Permohonan Praperadilan BG Hampir Pasti Ditolak

Permohonan Praperadilan BG Hampir Pasti Ditolak Budi Gunawan saat mengikuti fit and proper test di Gedung Dewan. foto: tribunnews.com

SURABAYA (BangsaOnline) - Hari Senin ini, hakim tunggal Sarpin Rizaldi akan membacakan putusan permohonan praperadilan Komjen (BG) terhadap Komisi Pemberantasan Korupsi (KPK) di Pengadilan Negeri Jakarta Selatan. Hasil putusan itu sangat dinanti-nantikan banyak pihak karena menentukan nasib sebagai calon Kapolri.

Meski belum diputuskan, namun hampir dipastikan permohonan BG akan ditolak. Pernyataan itu disampaikan pengamat hukum dari Universitas Surabaya (Ubaya), Hadi Mulyo Utomo. Menurut perspektifnya, permohonan praperadilan itu mutlak harus ditolak hakim.

Sebab, alasan permohonan yang diajukan kuasa hukum BG tentang penetapan tersangka yang tidak prosedural oleh KPK, secara normatif tidak memenuhi lingkupalasan pengajuan praperadilan yang diatur dalam pasal 77 kitab undang-undang hukum acara pidana (KUHAP) huruf a dan b.

“Permohonan BG itu mutlak harus ditolak karena tidak memenuhi unsur pasal 77. Hakim harus mengacu pada pasal itu,” tegas Hadi, Minggu (15/2).

Alumni S2 Fakultas Hukum Universitas Airlangga (Unair) ini memaparkan, dalam KUHAP hanya memberikan ruang pengajuan pra peradilan untuk empat alasan yakni, tidak sahnya penangkapan, tidak sahnya penahanan, tidak sahnya penghentian penyidikan atau penuntutan dan tuntutan rehabilitasi atau ganti rugi seseorang yang perkaranya tidak jadi dibawa ke persidangan.

“Kalau dilihat alasan permohonan BG tidak memenuhi satu dari empat unsure tersebut, karena itu harusnya ditolak. Justru aneh kalau diterima,” imbuhnya.

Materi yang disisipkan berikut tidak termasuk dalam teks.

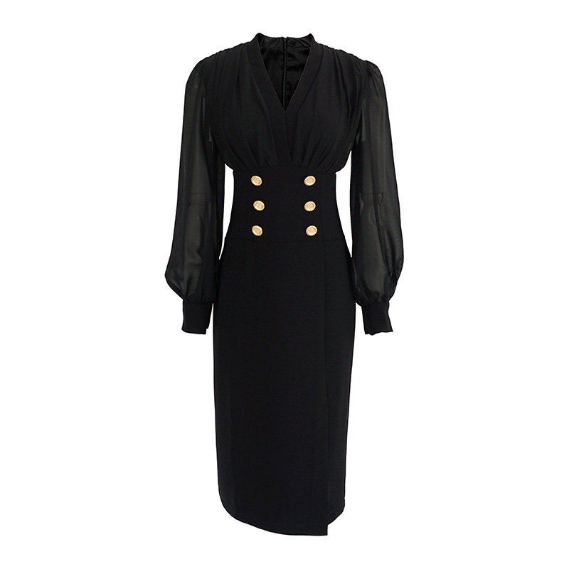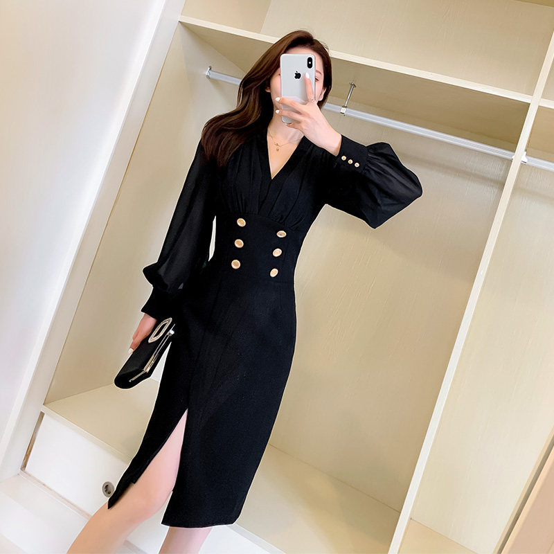 Осеннее платье, фонарь, французский стиль, V-образный вырез

Hadi menyarankan kepada BG agar membuktikan dirinya tidak layak menjadi tersangka dan tidak bersalah di peradilan umum, karena disanalah instrumen untuk menguji kebenaran seseorang layak sebagai tersangka atau tidak. Karena itu sudah menyangkut urusan pembuktian ada atau tidaknya fakta hukum yang melahirkan unsure pidana pada perbuatan orang yang disangkakan.

“KPK sebagai penegak hukum punya hak subyektif untuk menetapkan seseorang sebagai tersangka tanpa didahului panggilan atau pemeriksaan. Hal itu pun seringkali dilakukan Polri. Jadi baiknya dibuktikan saja lewat peradilan umum, bukan praperadilan. Namun ke depan harus dipikir adanya proses konfrontir sebelum seseorang ditetapkan sebagai tersangka, pertimbangannya demi kemanusiaan, agar seseorang tidak kaget atau syok bila ditetapkan sebagai tersangka,” tandasnya.

Seperti diketahui, KPK menetapkan BG sebagai tersangka atas kasus gratifikasi disaat perwira tinggi Polri itu sedang menjalani uji kelayakan dan kepatutan sebagai calon tunggal Kapolri di Komisi III DPR RI. BG diduga memiliki rekening yang jumlahnya tidak wajar atau sering disebut rekening gendut. Pasca penetapan tersangka itu, seluruh pimpinan KPK diperiksa oleh Bareskrim. Bahkan Bambang Widjajanto sudah berstatus tersangka, hingga muncul dugaan kriminalisasi terhadap para pimpinan KPK. Dukungan masyarakatpun terbelah antara yang medukung KPK dan mendukung Polri.